### The data
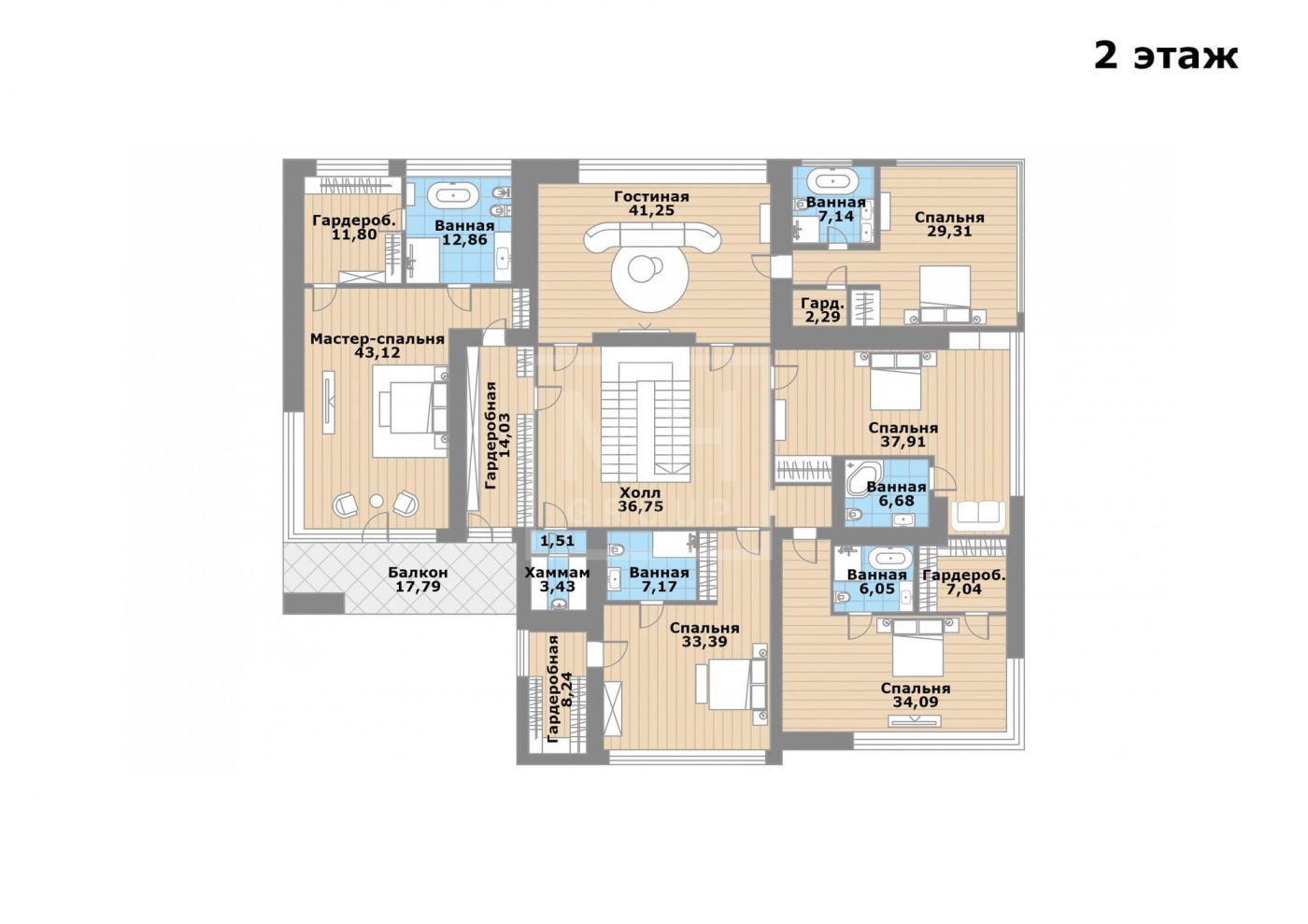 Этаж 2: Холл , гостиная , хаммам, мастер-блок: спальня №1 с балконом, двумя гардеробными и ванной комнатой , спальня №2 с ванной комнатой и гардеробной , спальня №3 с ванной комнатой и гардеробной, спальня №4 с ванной комнатой и гардеробной , спальня №5 с ванной комнатой.
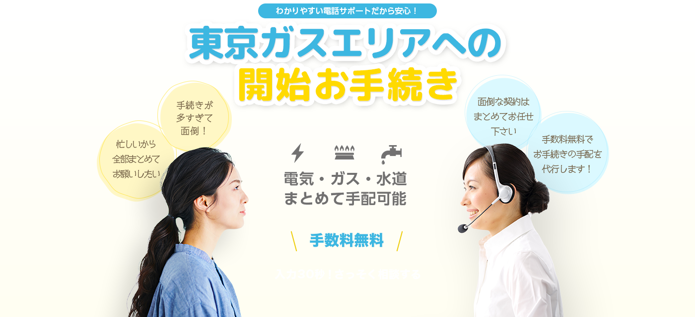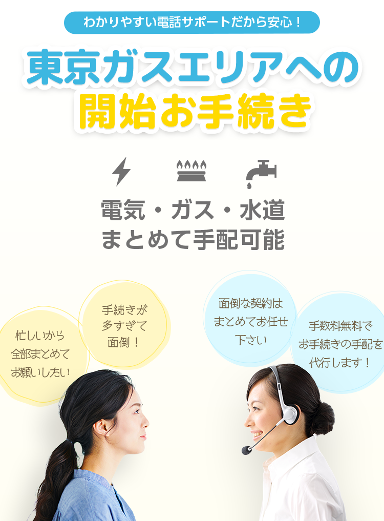 • 移転手続きができるのは水道・電気・ガスだけですが、引越し先の新規契約は
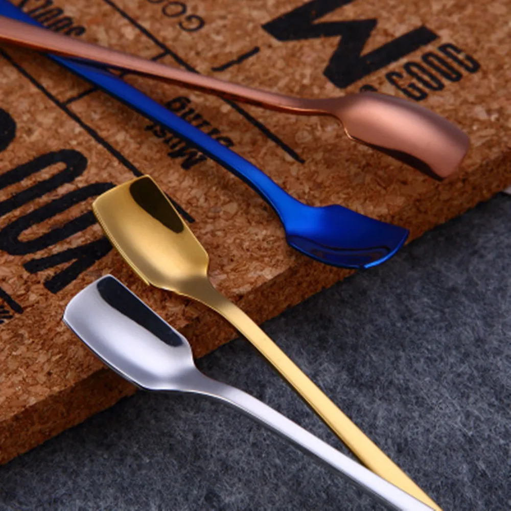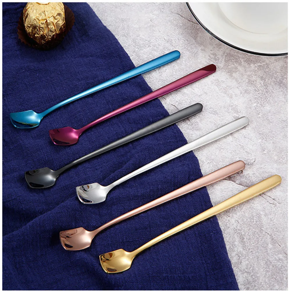 6 шт/комплект Нержавеющая сталь ложка Новый 6 цветов в Корейском стиле ложки с длинной ручкой, с золотым напылением ложки 15/17 см цвета: золотистый, Кухня аксессуары
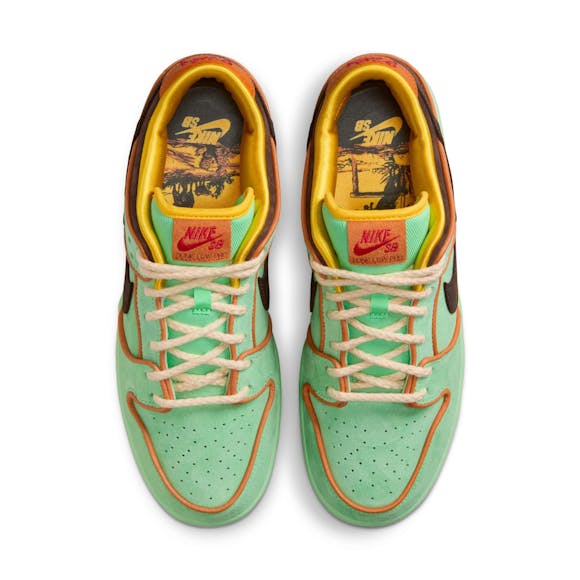 This ain’t just a cowboy tribute—it’s the wild west flipped for the pavement. The SB Dunk Low Rodeo comes wrapped in rich tourmaline green suede, laced up with baroque brown hits and pops of monarch orange that pull it all together. It's Western vibes with that street-level edge. Textured details hit hard—think silky linings, cracked leather heel tabs, and that loud red outsole for a little chaos underfoot. Sonora-style embroidery on the heel and rope-style Nike branding bring the cowboy energy without going full costume. And yeah, it goes deep. A yellow bandana accessory ties it all up (literally), while the insole drops a desert sunset scene with the words: “What’s gonna happen is gonna happen.” It’s not just a sneaker—it’s a whole mindset. Ride the chaos. Embrace the dust.

### Your instructions
Exclude every picture, then reproduce the remaining data character for character.

### Written response
 Этаж 2: Холл , гостиная , хаммам, мастер-блок: спальня №1 с балконом, двумя гардеробными и ванной комнатой , спальня №2 с ванной комнатой и гардеробной , спальня №3 с ванной комнатой и гардеробной, спальня №4 с ванной комнатой и гардеробной , спальня №5 с ванной комнатой.
 • 移転手続きができるのは水道・電気・ガスだけですが、引越し先の新規契約は
 6 шт/комплект Нержавеющая сталь ложка Новый 6 цветов в Корейском стиле ложки с длинной ручкой, с золотым напылением ложки 15/17 см цвета: золотистый, Кухня аксессуары
 This ain’t just a cowboy tribute—it’s the wild west flipped for the pavement. The SB Dunk Low Rodeo comes wrapped in rich tourmaline green suede, laced up with baroque brown hits and pops of monarch orange that pull it all together. It's Western vibes with that street-level edge. Textured details hit hard—think silky linings, cracked leather heel tabs, and that loud red outsole for a little chaos underfoot. Sonora-style embroidery on the heel and rope-style Nike branding bring the cowboy energy without going full costume. And yeah, it goes deep. A yellow bandana accessory ties it all up (literally), while the insole drops a desert sunset scene with the words: “What’s gonna happen is gonna happen.” It’s not just a sneaker—it’s a whole mindset. Ride the chaos. Embrace the dust.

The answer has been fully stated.